### Work request:
Write again exactly the lines in the listing below, starting at the line with "Nakamichi Corporation Ltd." and ending at the line with "13. Abdulrahman Alamoudi", both included. Pictures are not copied.

### Information supplied:
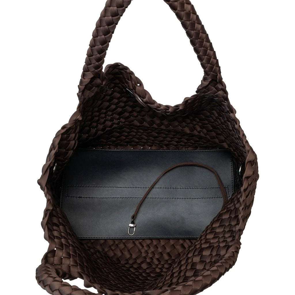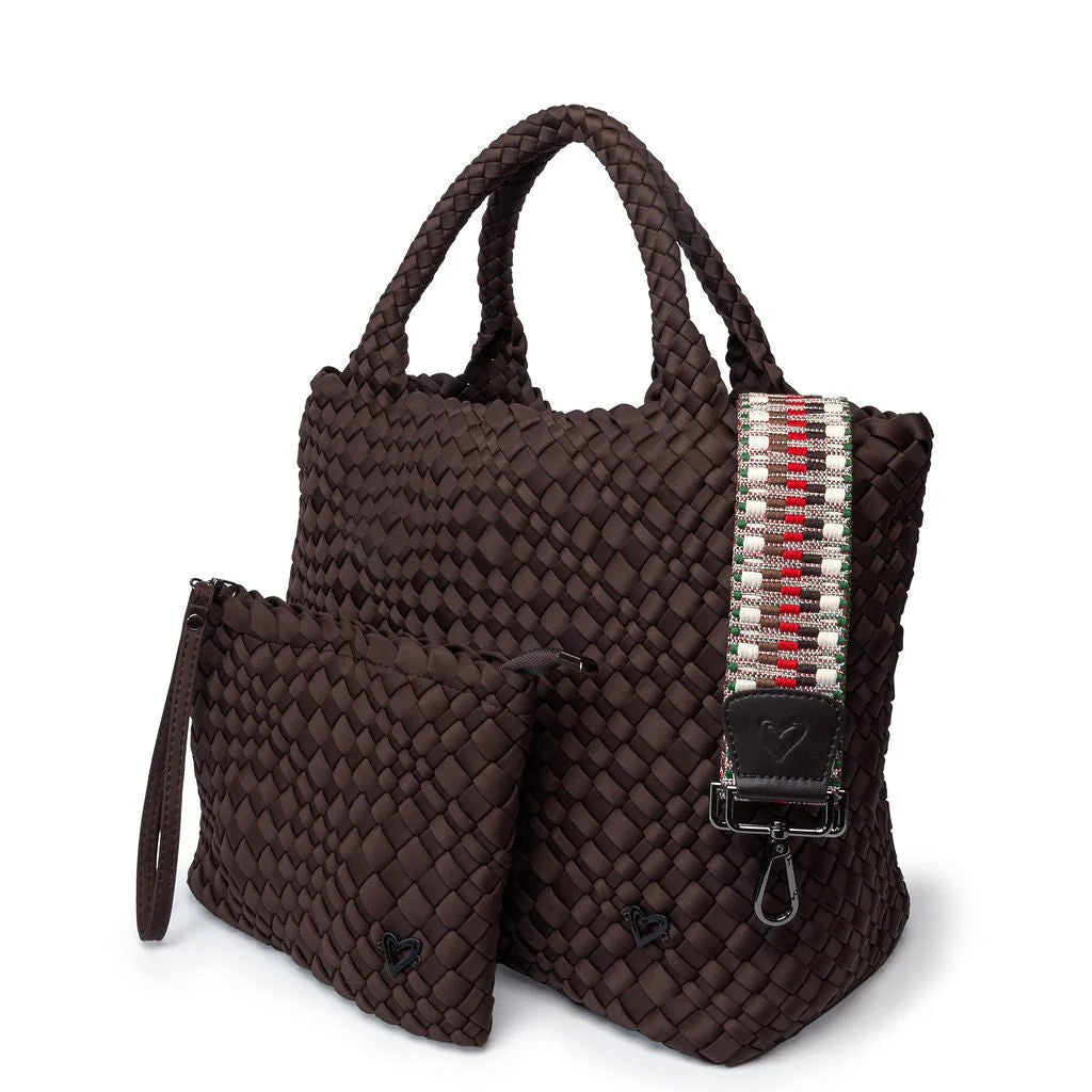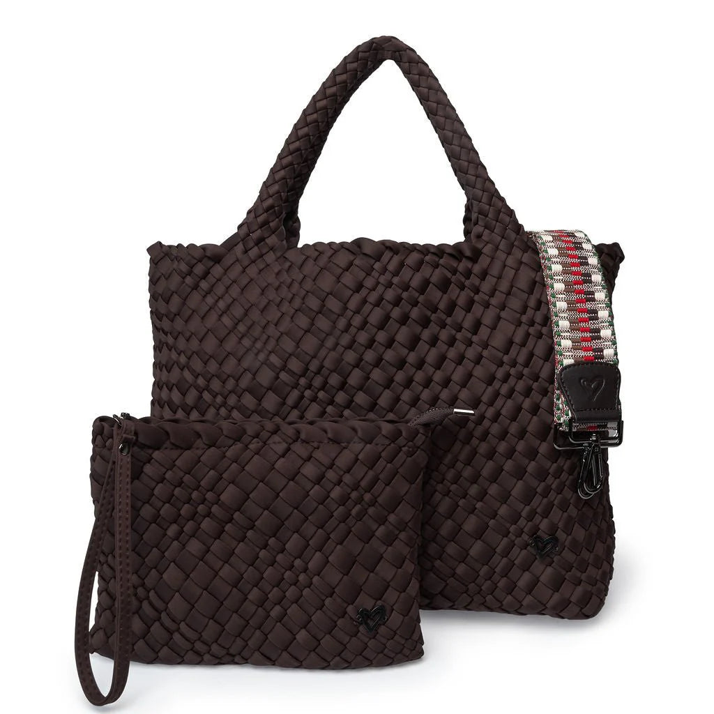 preneLove London Large Woven Neoprene Tote Bag with Wrist Clutch Espresso
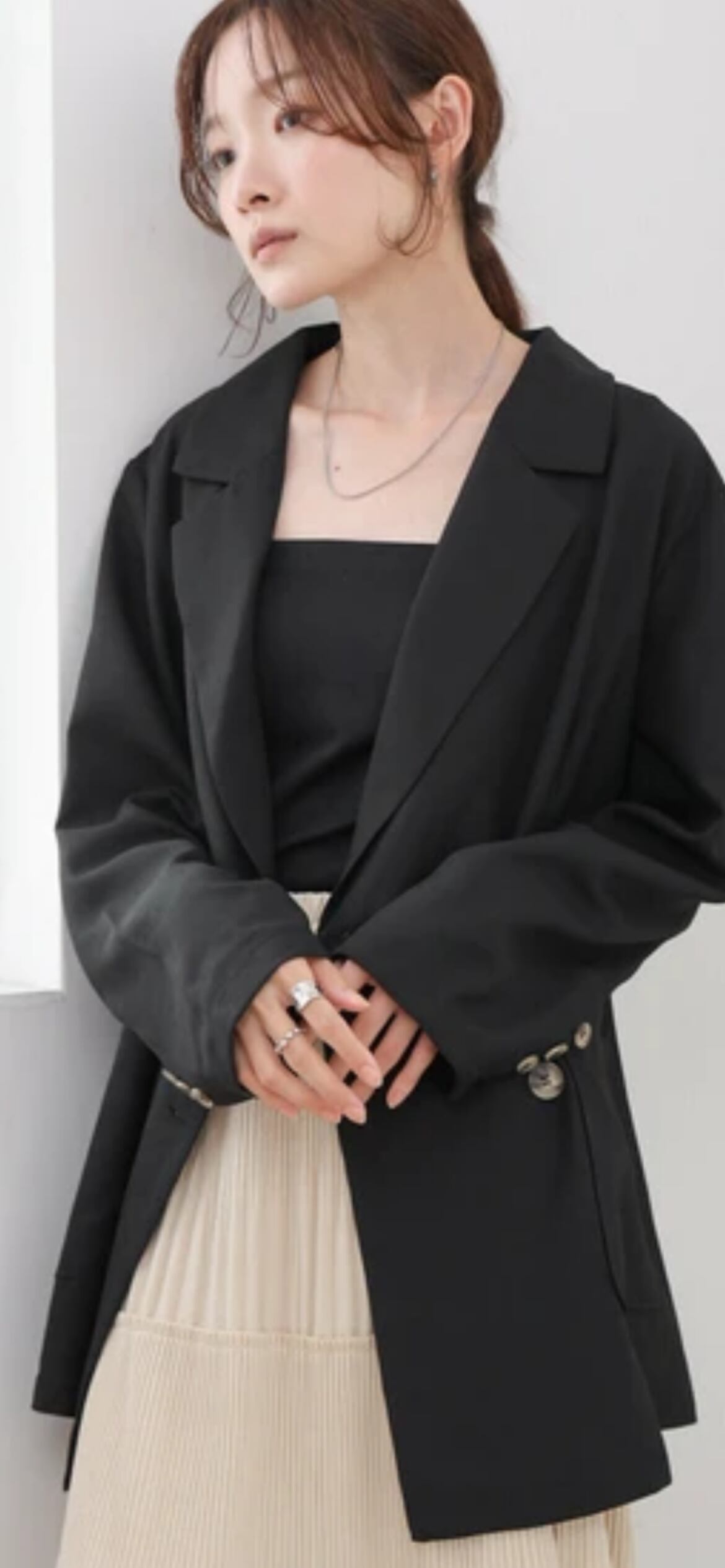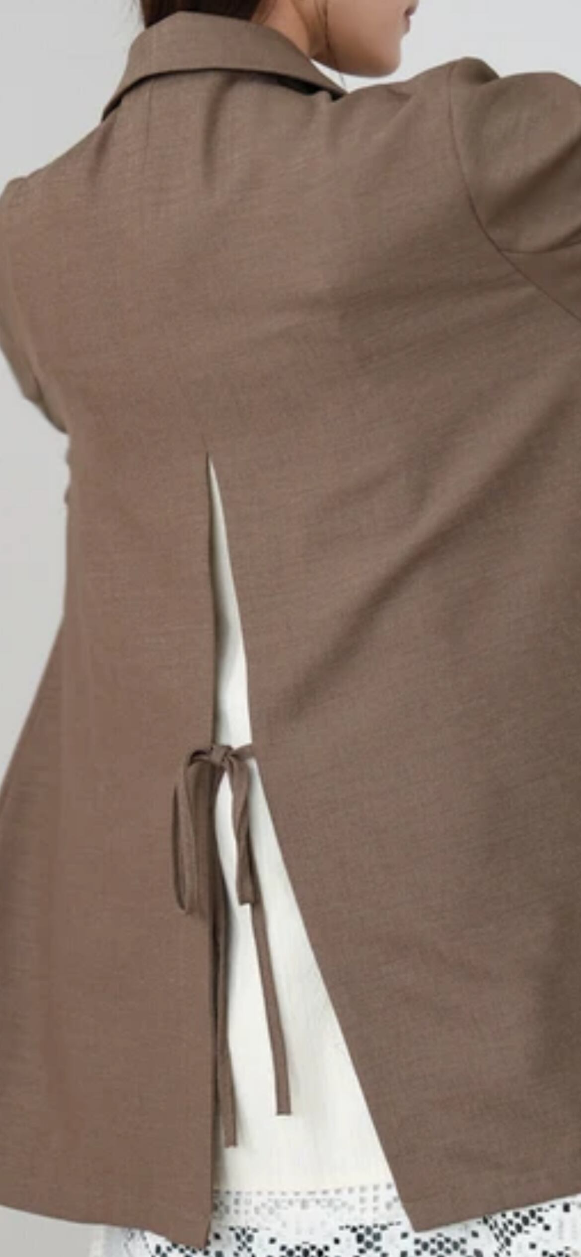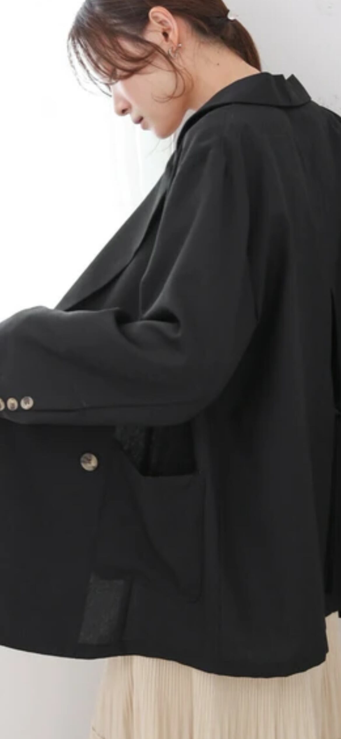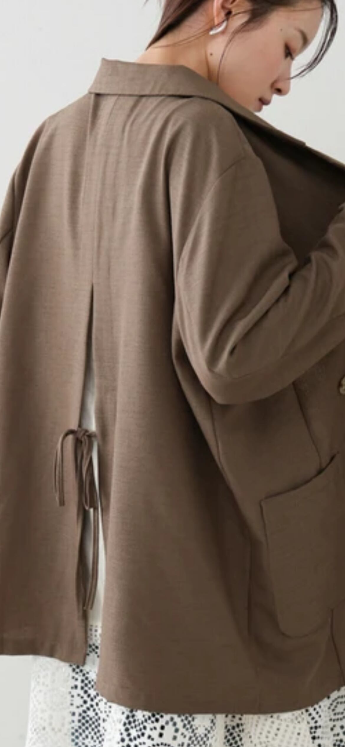 バックデザインがポイントの秋ジャケットが登場しました!バックに入った大胆なスリットにリボンがあしらわれています♪重たすぎずな質感なのでワンピースに羽織として、デニムとチュニックなどのレイヤードとして秋シーズン大活躍なジャケットです!流行りのリボンにダブルボタンでトレンドライクなジャケットに仕上がっています!
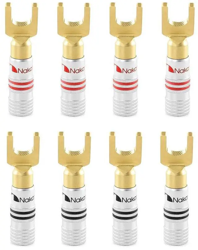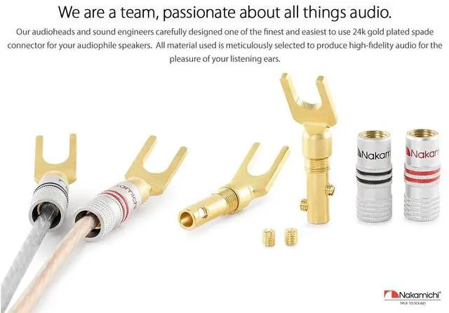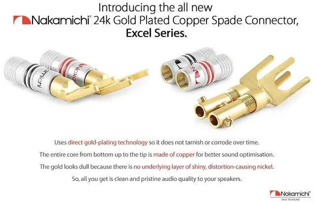 Nakamichi Corporation Ltd. founded in 1948 by Mr. Etsuro Nakamichi, is a Japanese consumer electronics brand that originated in Japan and gained popularity from 1970s onwards from producing high quality audio cassette decks to design-oriented home cinema audio systems, speakers, hi-fi systems, sound bars and automotive stereo products. ^^ Nakamichi spade connectors fit directly into your audio component binding posts seamlessly, saving you the hassle of screwing in or unscrewing speaker wire especially when space is tight. ^^ This set of Excel Series - 24k Gold plated spade connector uses direct gold-plating technology so it does not tarnish or corrode over time.
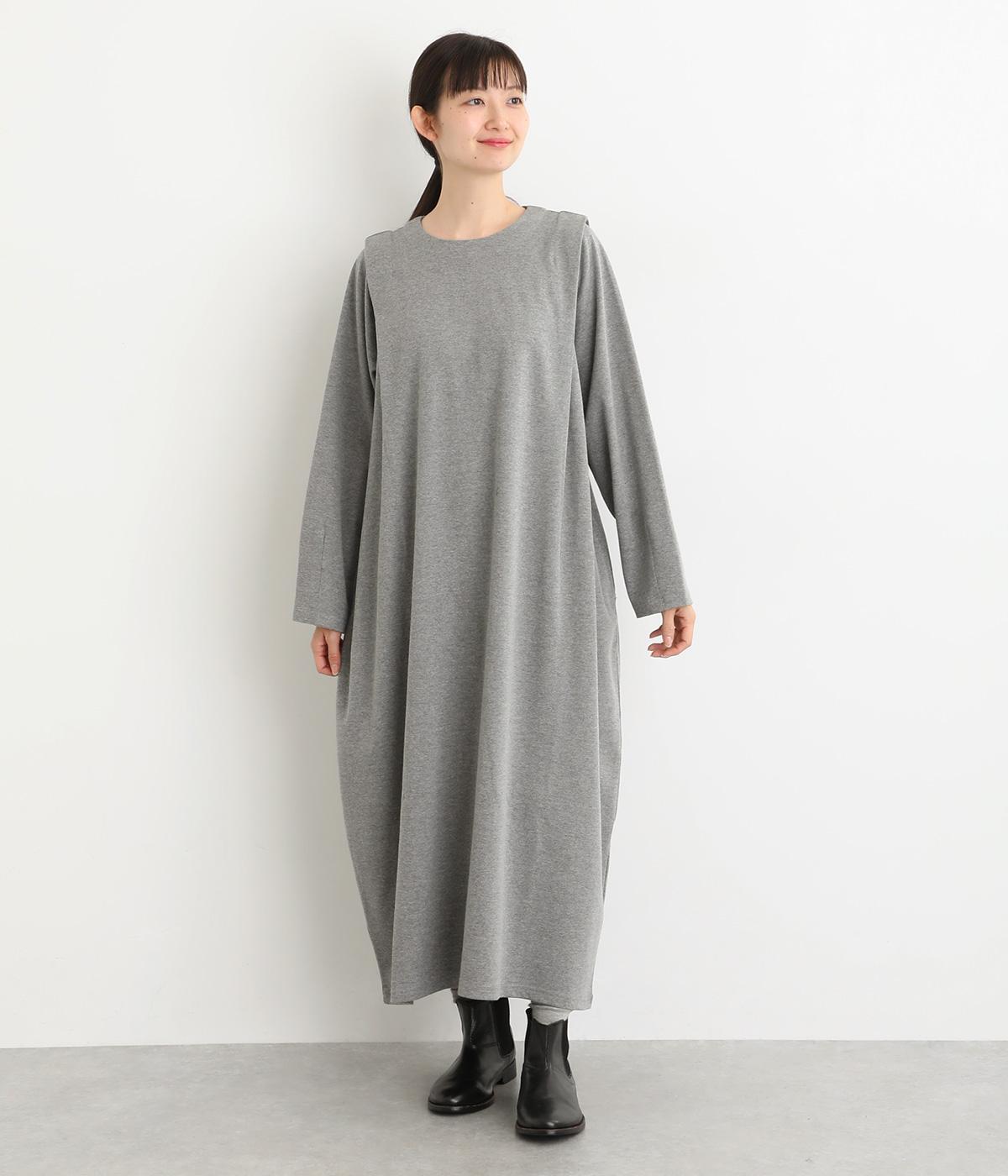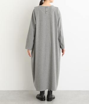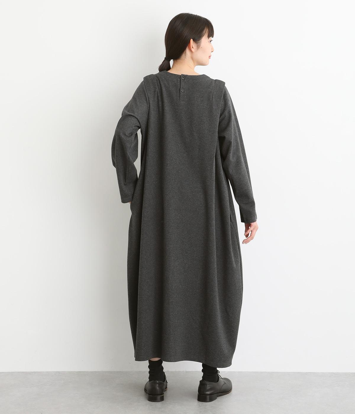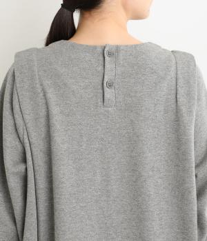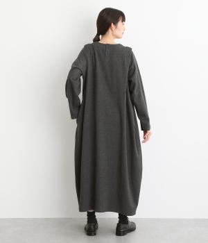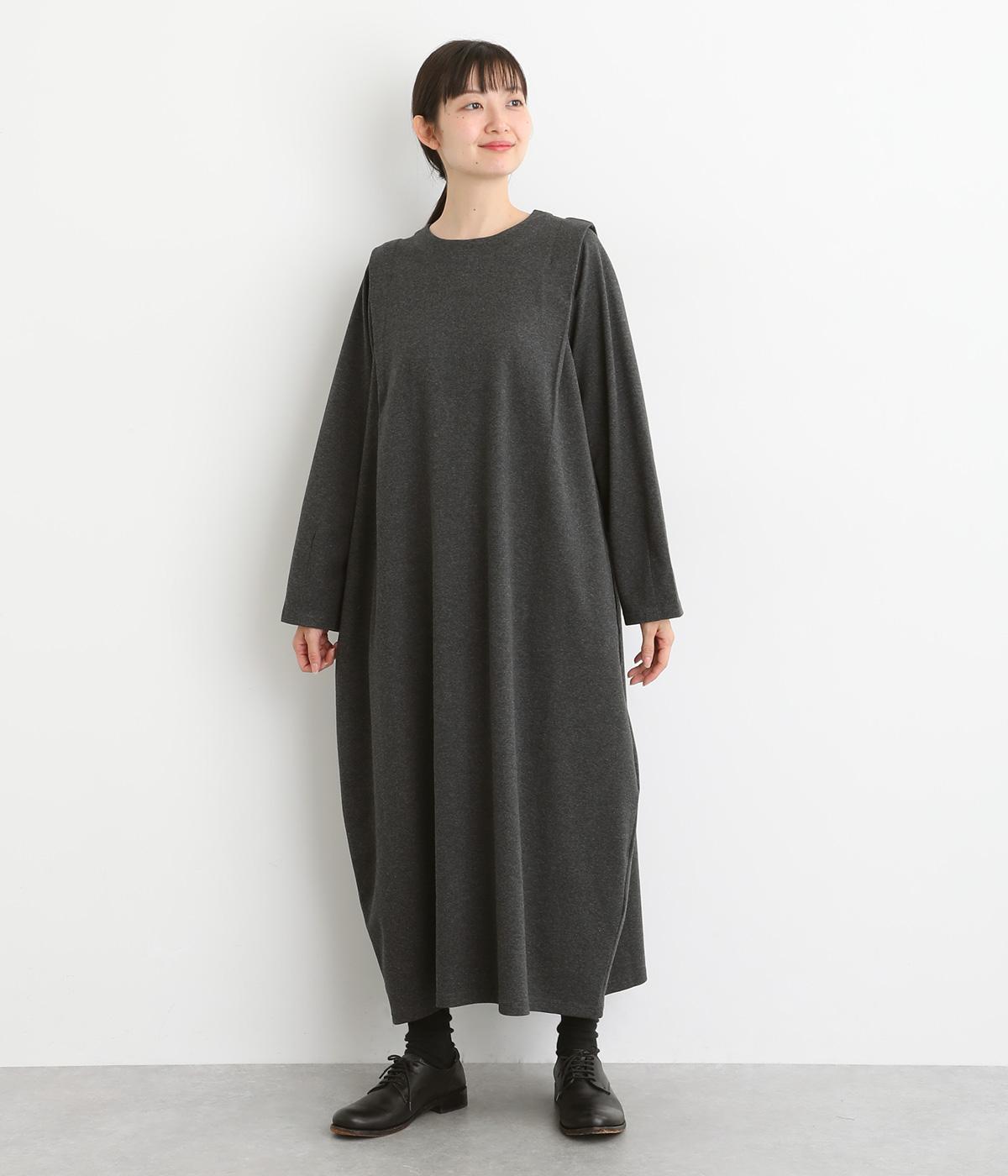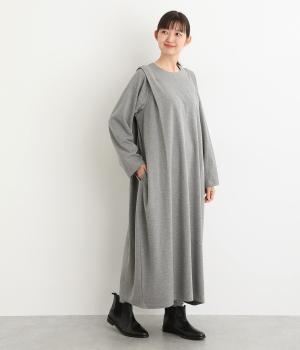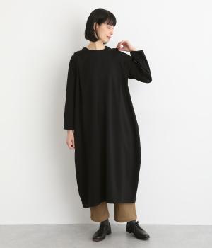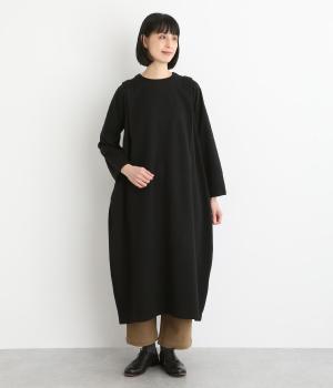 肩に大きくほどこしたタックをアクセントにしたワンピース。腰まわりにボリュームを持たせ、裾の広がりをおさえたコクーンシルエットが大人らしい印象を醸します。後ろネックのボタンが着脱をアシスト。合わせる小物次第でも印象が変わるシンプルさが魅力の一着です。
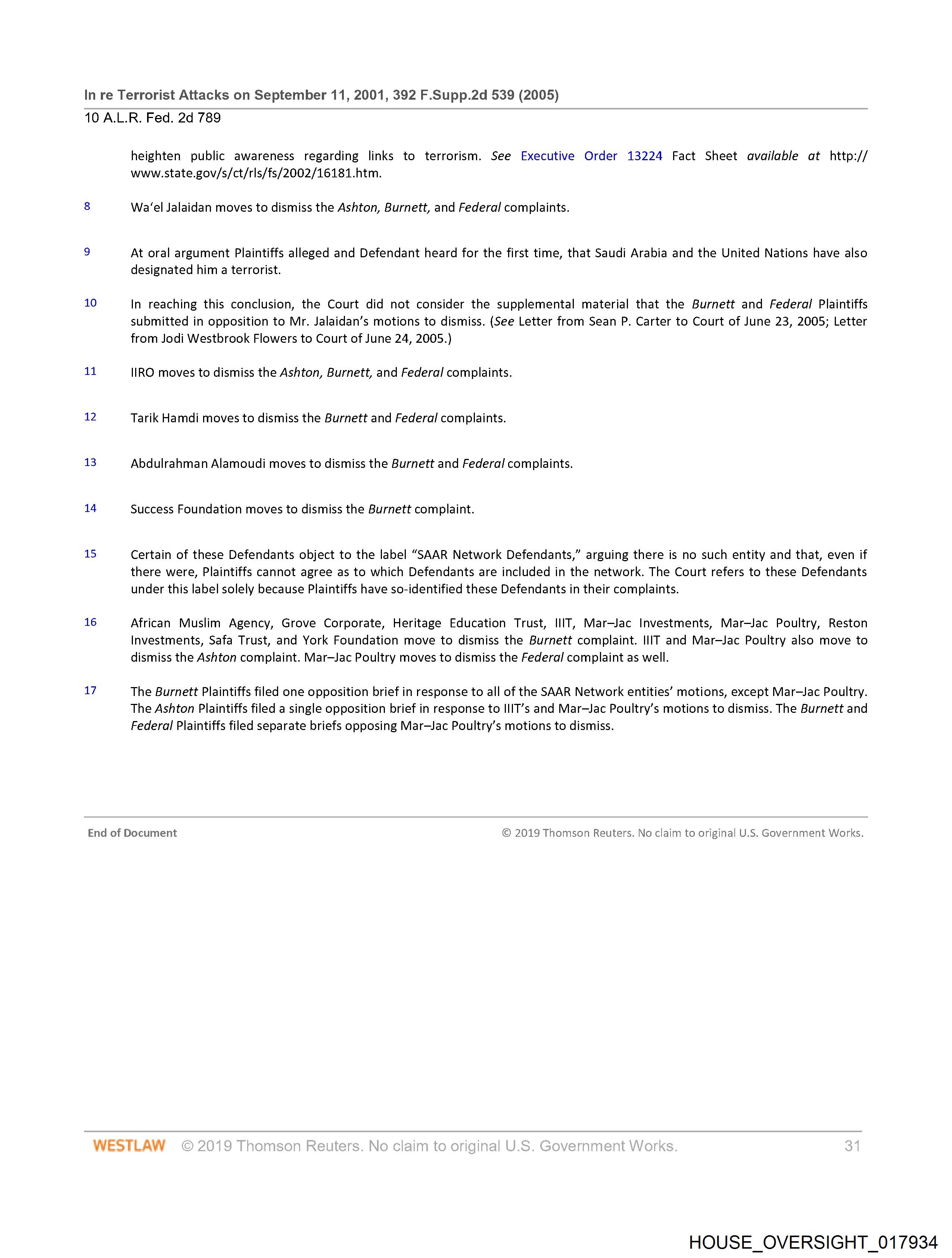 13. Abdulrahman Alamoudi moves to dismiss the Burnett and Federal complaints.
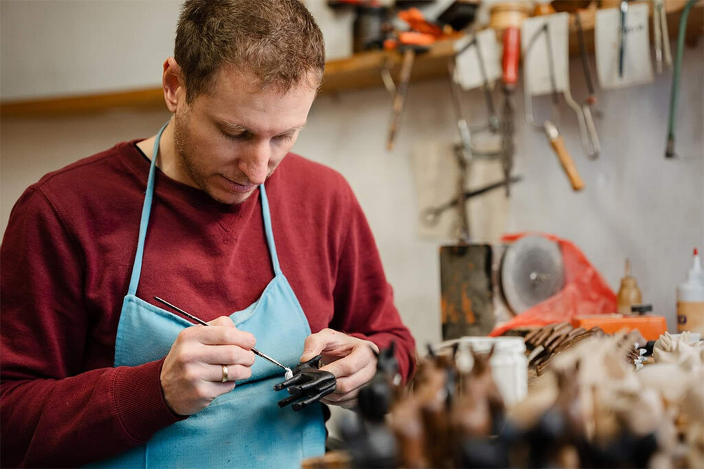 Ние не предлагаме изделия в интернет, само тук на чаршията могат да ни намерят хората и дори да наблюдават как се правят нещата от дърво. Не използваме машини, всичко се прави на ръка с традиционните инструменти – длета, козя ножка, резбарски нож. Използваме и много стара техника за допълнително оцветяване на дървото. Чрез нагаряне с пирограф, уред с който се изгаря повърхността на дървото по желания от нас начин и отгоре се поставят байцове на водна основа. Това е безвредна техника за оцветяване, така че дървените фигурки могат да се използват и като играчки за деца."

### Answer to the exercise:
 Nakamichi Corporation Ltd. founded in 1948 by Mr. Etsuro Nakamichi, is a Japanese consumer electronics brand that originated in Japan and gained popularity from 1970s onwards from producing high quality audio cassette decks to design-oriented home cinema audio systems, speakers, hi-fi systems, sound bars and automotive stereo products. ^^ Nakamichi spade connectors fit directly into your audio component binding posts seamlessly, saving you the hassle of screwing in or unscrewing speaker wire especially when space is tight. ^^ This set of Excel Series - 24k Gold plated spade connector uses direct gold-plating technology so it does not tarnish or corrode over time.
 肩に大きくほどこしたタックをアクセントにしたワンピース。腰まわりにボリュームを持たせ、裾の広がりをおさえたコクーンシルエットが大人らしい印象を醸します。後ろネックのボタンが着脱をアシスト。合わせる小物次第でも印象が変わるシンプルさが魅力の一着です。
 13. Abdulrahman Alamoudi moves to dismiss the Burnett and Federal complaints.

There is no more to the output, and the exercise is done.